= GIVEN RECORDS =
● ● ● ● ● ● ●

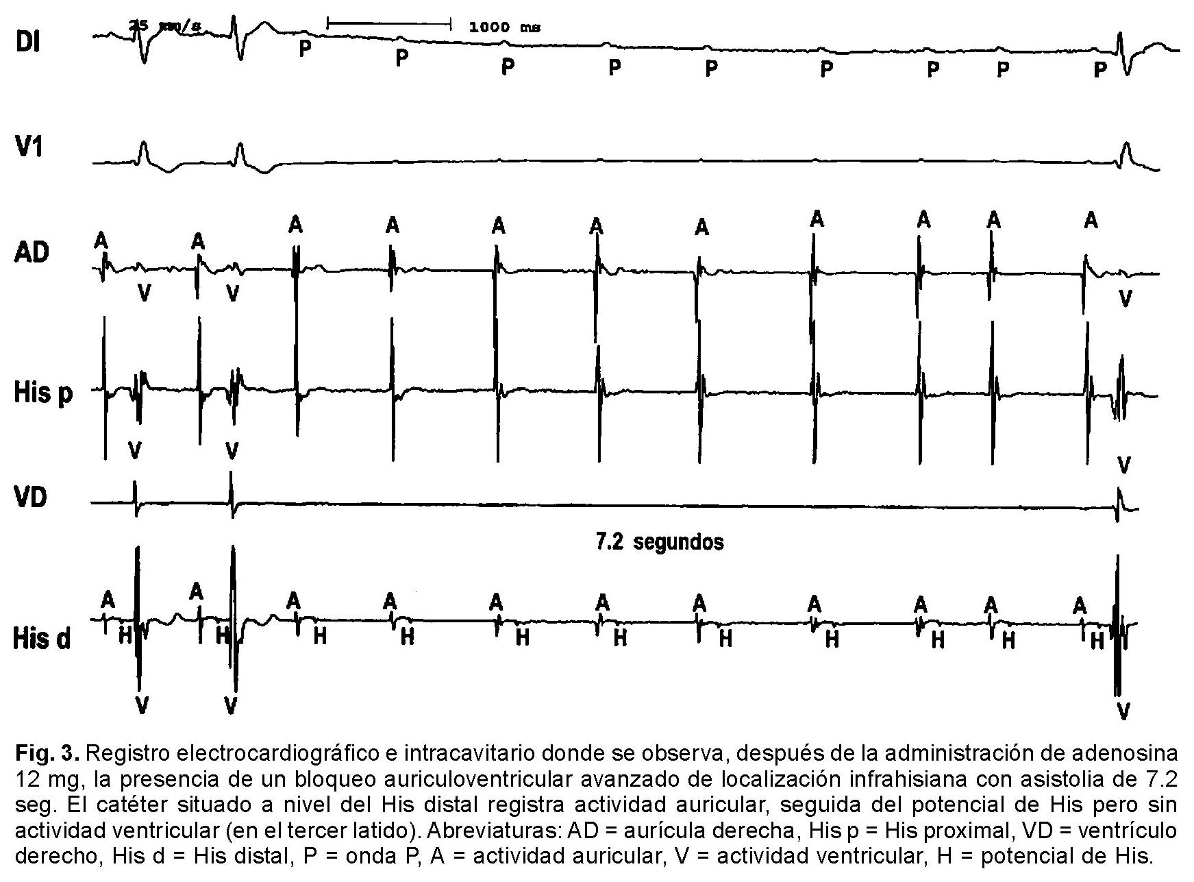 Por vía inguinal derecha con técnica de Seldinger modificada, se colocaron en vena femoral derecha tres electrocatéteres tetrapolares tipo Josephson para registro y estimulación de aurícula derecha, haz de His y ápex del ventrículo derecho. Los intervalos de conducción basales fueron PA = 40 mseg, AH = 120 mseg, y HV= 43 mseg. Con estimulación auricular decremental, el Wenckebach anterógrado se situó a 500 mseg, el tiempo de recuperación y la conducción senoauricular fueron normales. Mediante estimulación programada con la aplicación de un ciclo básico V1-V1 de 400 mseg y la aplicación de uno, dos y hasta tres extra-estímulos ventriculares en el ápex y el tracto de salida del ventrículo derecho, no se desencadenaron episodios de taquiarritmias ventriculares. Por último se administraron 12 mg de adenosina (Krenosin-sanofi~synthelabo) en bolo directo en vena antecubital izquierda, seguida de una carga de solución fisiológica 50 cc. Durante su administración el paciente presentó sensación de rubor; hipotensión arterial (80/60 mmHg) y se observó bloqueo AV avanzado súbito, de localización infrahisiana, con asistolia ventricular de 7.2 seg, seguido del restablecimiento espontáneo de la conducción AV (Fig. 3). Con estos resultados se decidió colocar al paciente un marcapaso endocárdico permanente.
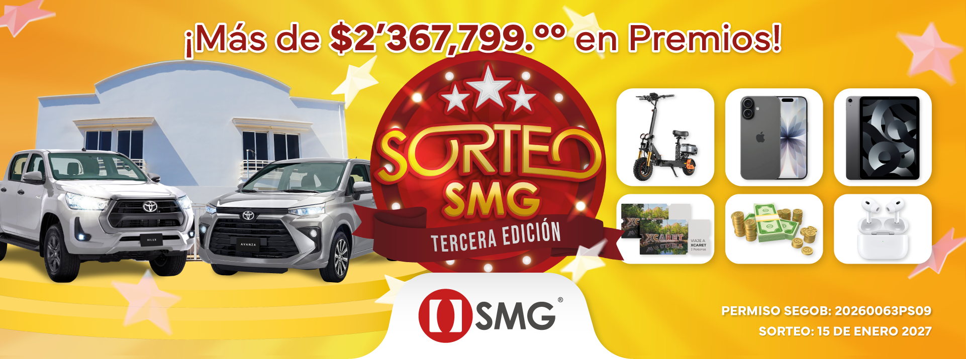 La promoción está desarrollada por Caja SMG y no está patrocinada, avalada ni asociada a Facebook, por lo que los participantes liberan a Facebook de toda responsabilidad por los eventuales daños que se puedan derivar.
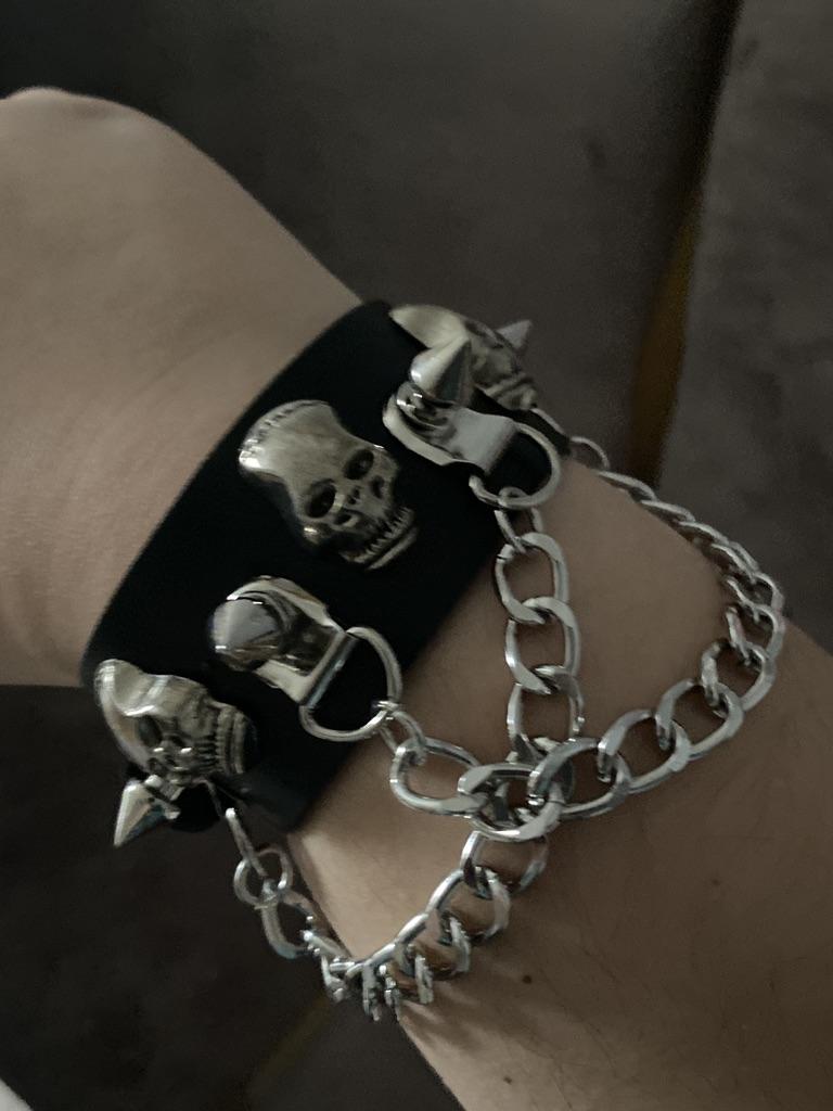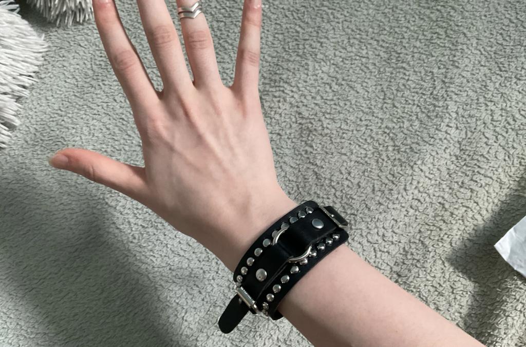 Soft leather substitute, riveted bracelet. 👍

● ● ● ● ● ● ●

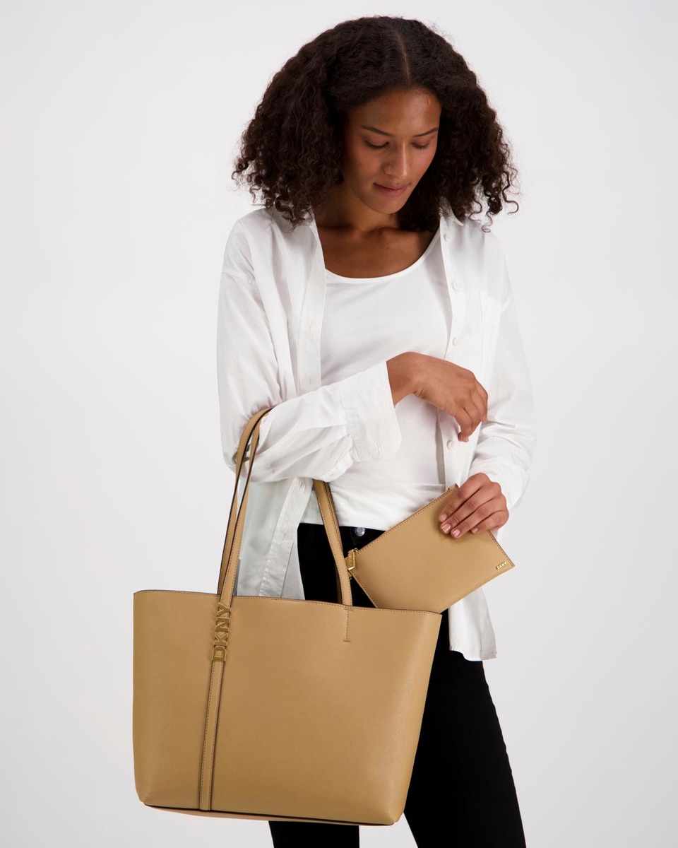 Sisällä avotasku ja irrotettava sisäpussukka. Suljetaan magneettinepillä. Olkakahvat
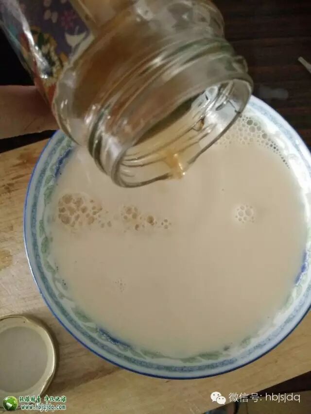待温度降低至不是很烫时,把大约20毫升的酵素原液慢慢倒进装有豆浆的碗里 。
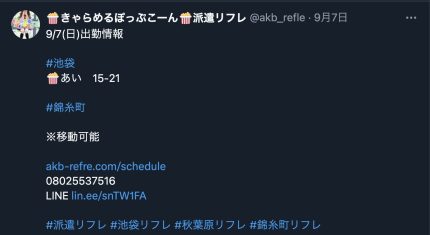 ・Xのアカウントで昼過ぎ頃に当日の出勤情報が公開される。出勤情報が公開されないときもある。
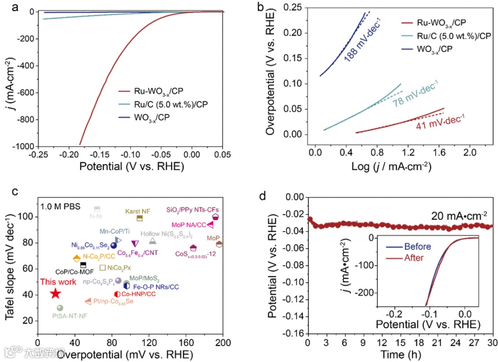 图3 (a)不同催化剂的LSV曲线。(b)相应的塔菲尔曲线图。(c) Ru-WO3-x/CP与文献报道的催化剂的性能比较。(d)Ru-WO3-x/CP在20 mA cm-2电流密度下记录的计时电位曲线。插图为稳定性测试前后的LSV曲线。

● ● ● ● ● ● ●

Starting with the line above that holds "La promoción está", restate each line word for word up to and including the line that holds "Soft leather substitute, riveted bracelet. 👍". Drop the pictures.

= RESPONSE =
 La promoción está desarrollada por Caja SMG y no está patrocinada, avalada ni asociada a Facebook, por lo que los participantes liberan a Facebook de toda responsabilidad por los eventuales daños que se puedan derivar.
 Soft leather substitute, riveted bracelet. 👍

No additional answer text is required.